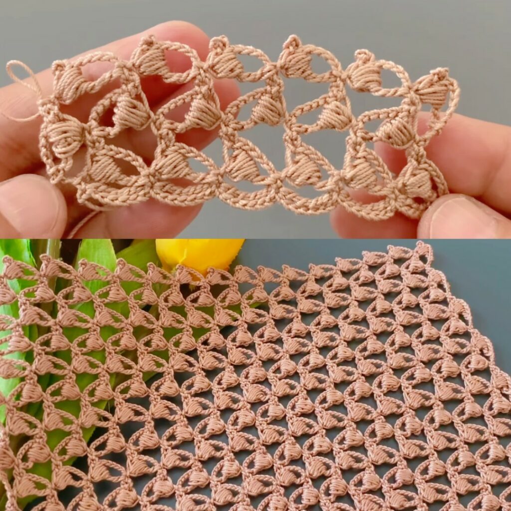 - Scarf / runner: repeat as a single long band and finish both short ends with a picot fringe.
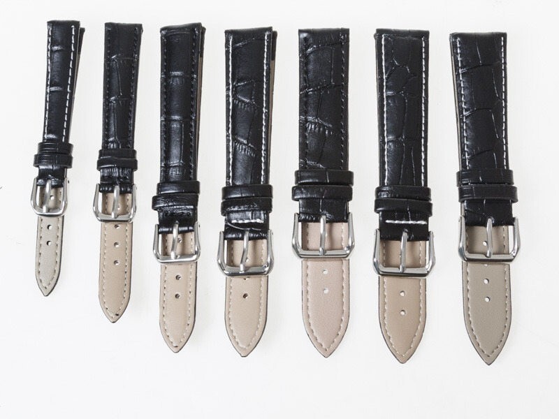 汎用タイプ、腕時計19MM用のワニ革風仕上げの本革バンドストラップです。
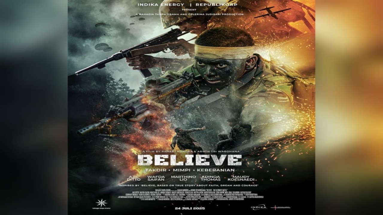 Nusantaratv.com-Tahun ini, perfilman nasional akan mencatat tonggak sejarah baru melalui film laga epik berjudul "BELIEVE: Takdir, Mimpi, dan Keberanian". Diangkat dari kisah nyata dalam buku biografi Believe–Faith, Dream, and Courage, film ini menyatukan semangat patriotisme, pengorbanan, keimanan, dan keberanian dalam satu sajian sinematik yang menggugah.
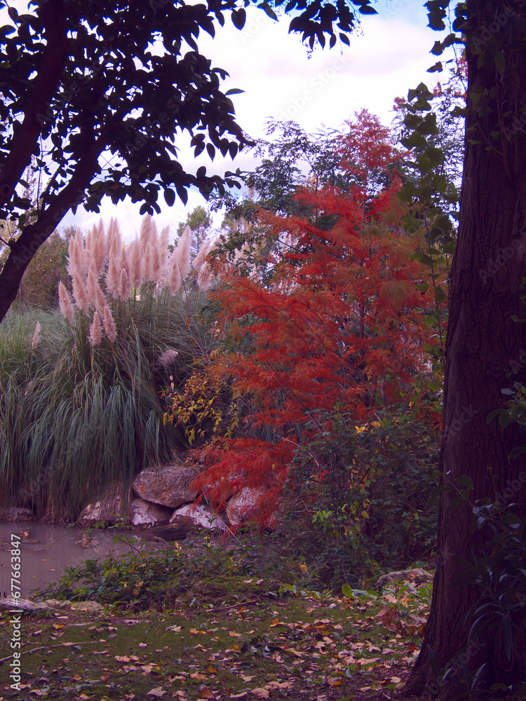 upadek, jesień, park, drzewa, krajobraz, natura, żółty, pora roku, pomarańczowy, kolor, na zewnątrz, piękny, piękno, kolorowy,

= = =

Each line of the data above must be repeated exactly, images excluded.

 - Scarf / runner: repeat as a single long band and finish both short ends with a picot fringe.
 汎用タイプ、腕時計19MM用のワニ革風仕上げの本革バンドストラップです。
 Nusantaratv.com-Tahun ini, perfilman nasional akan mencatat tonggak sejarah baru melalui film laga epik berjudul "BELIEVE: Takdir, Mimpi, dan Keberanian". Diangkat dari kisah nyata dalam buku biografi Believe–Faith, Dream, and Courage, film ini menyatukan semangat patriotisme, pengorbanan, keimanan, dan keberanian dalam satu sajian sinematik yang menggugah.
 upadek, jesień, park, drzewa, krajobraz, natura, żółty, pora roku, pomarańczowy, kolor, na zewnątrz, piękny, piękno, kolorowy,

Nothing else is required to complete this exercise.